Quem leu VIREI PERSONAL SEXY DA GORDINHA GOSTOSA, viu o drama, o resgate e a transformação que ela promoveu a si mesma depois de um casamento frustrado por vários vícios que seu ex de recusara a sacrificar em prol da felicidade conjugal. Uma pena, pois agora, pessoal, eu estava sendo não um Personal Trainer simplesmente. Estava assistindo a ressureição de uma auto-estima totalmente abalada, fragmentada. Quem passou por isso sabe o que estou querendo dizer.

Claro que a mudança ocorrida nela gerou ódio no ex, que ligava para ela ameaçando-a com palavras muito agressivas, dizia para ela que não iria arrumar ninguém estando gorda do jeito que estava, que na cama não havia homem tão bom quanto ele...

Vivi seguiu tocando sua vida sabendo que ele não haveria mais de fazer mal, e levou a Polícia a queixa contra o marido, que a partir de então ficou proibido de se aproximar dela.

E eu!? Bom, não quero levar nenhum crédito por isso, a não ser que eu tava comendo uma mulher deliciosa.

Dani nem sonha que tenho um caso com Viviane, que combinou um dia comigo de corrermos à beira da Lagoa Rodrigo de Freitas. Eu tava meio entediado da rotina que quase sempre me deixava bombardeado, falei para Dani que sábado pela manhã iria fazer uma higiene mental caminhando pela Lagoa.

Daniela: Poxa, amor, queria tanto ir com você! To cheia de coisas aqui em casa para fazer e além disso, entregar trabalhos da faculdade. Você vem me ver mais tarde?

Eu: Amor, você sabe do que está precisando, não sabe!? Sua gostosa!

Daniela: Safado! Tô louca pra poder ter você inteiro pra mim hoje, você não me escapa!

Eu: Então a gente se vê mais tarde!

E fui para a Lagoa , recebendo a carona da minha aluna preferida. Caminhamos por quase meia hora apenas recebendo os já vigorosos raios daquelas primeiras horas do dia. Viviane seguia rigorosamente as prescrições médicas e o programa de treinamentos elaborado por mim mesmo. A minha licenciatura já tinha sido concluída, e agora estava prestes a começar minha graduação na área de Desporto Aquático, pois quero ser técnico de Natação, uma das minhas metas.
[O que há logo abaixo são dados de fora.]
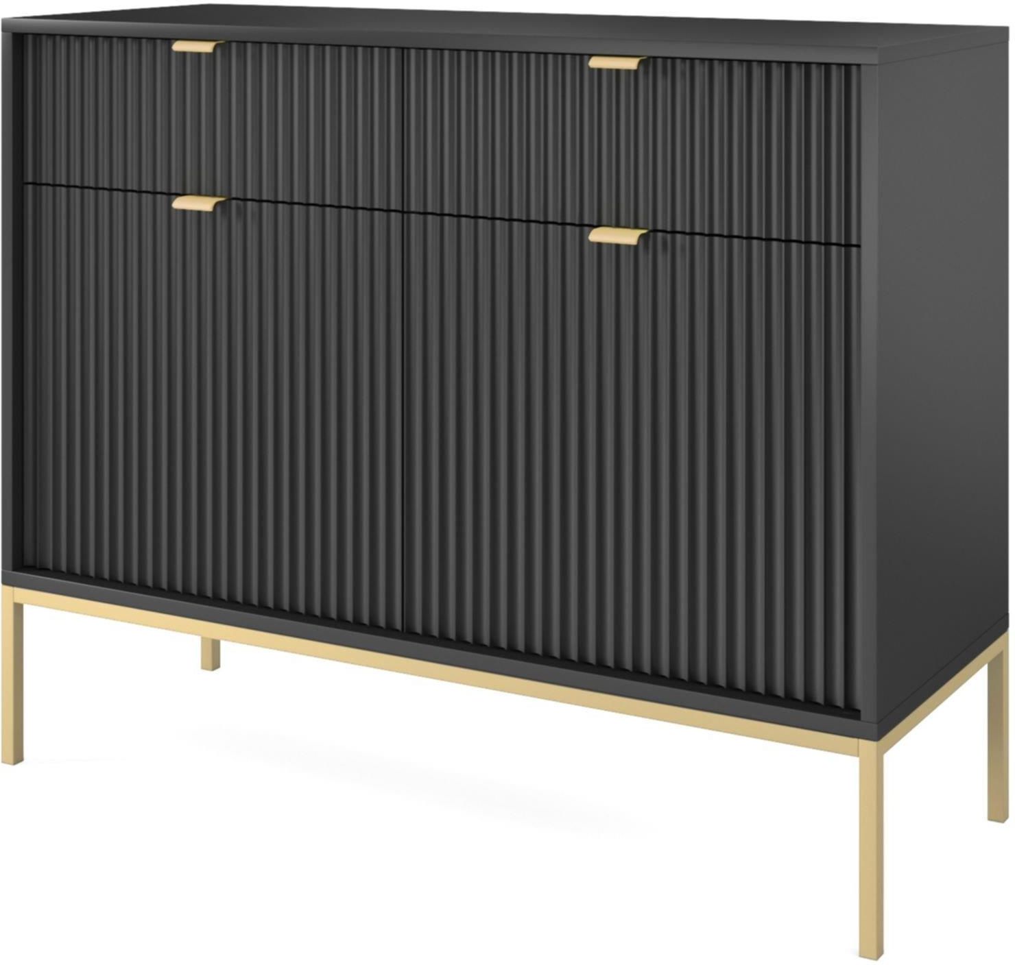 Komoda z szufladami to mebel fantastycznie wielofunkcyjny. Wkomponowana w salonową przestrzeń może posłużyć jako schowek na dokumenty i podręczne akcesoria, w sypialni wcieli się w rolę szafki na ubrania i bieliźniarki, z kolei w kuchni, sprawdzi się jako pojemna spiżarnia lub barek. Komoda dwudrzwiowa z szufladami z kolekcji NOVA to zatem model uniwersalny, który cieszy nie tylko ergonomicznymi rozwiązaniami, ale również ciekawym, minimalistycznym designem. Modne, ryflowane drzwi i oszczędne wzornictwo idealnie odnajdą się w przestrzeniach w stylu loftowym, nowoczesnym czy vintage. Całości charakteru dodają złote uchwyty oraz industrialny stelaż dostępny zarówno w kolorze czarnym, jak i złotym. Sam mebel można dostać w wariantach: białym, czarnym oraz szarym. Na koneserów modnych wnętrz o przemyślanej, spójnej aranżacji, czekają również inne modele mebli z kolekcji NOVA.

Entre nós havia um sentimento muito bacana, que não defino como amor, pois isso é o que sinto pela Dani, mas ver aquela mulher com sua auto-estima recuperada, sorridente, confiante de sua sensualidade, aquilo mexia comigo. E depois de percorrermos juntos quase seis quilômetros juntos, metade correndo e metade andando, voltamos com um louco apetite para o apartamento, agora dela mesmo, que havia conseguido alugar graças à ajuda da irmã.

Não estava ainda do jeito que ela sonhava, pois muita coisa que ela havia adquirido largou para trás na casa do Lelo, e não fez questão de porra, nenhuma, queria era refazer a vida longe do homem que a desgraçou sem ser seguida.

Viviane: Uma coisa que aprendi foi que bens materiais a gente recupera com trabalho, foco, perseverança. Vida e tempo temos um só. E o melhor dessa vida que tenho, Sávio, queira ou não, comecei por sua causa.

Eu dei um longo beijo nela. Mesmo exausto após a primeira atividade física matinal, meu pai estava inversamente proporcional ao estado de exaustão do meu corpo. Nada que não fosse recuperado após um suco de laranja com manga e gengibre. Dá um up, cara. Sem contar que é afrodisíaco.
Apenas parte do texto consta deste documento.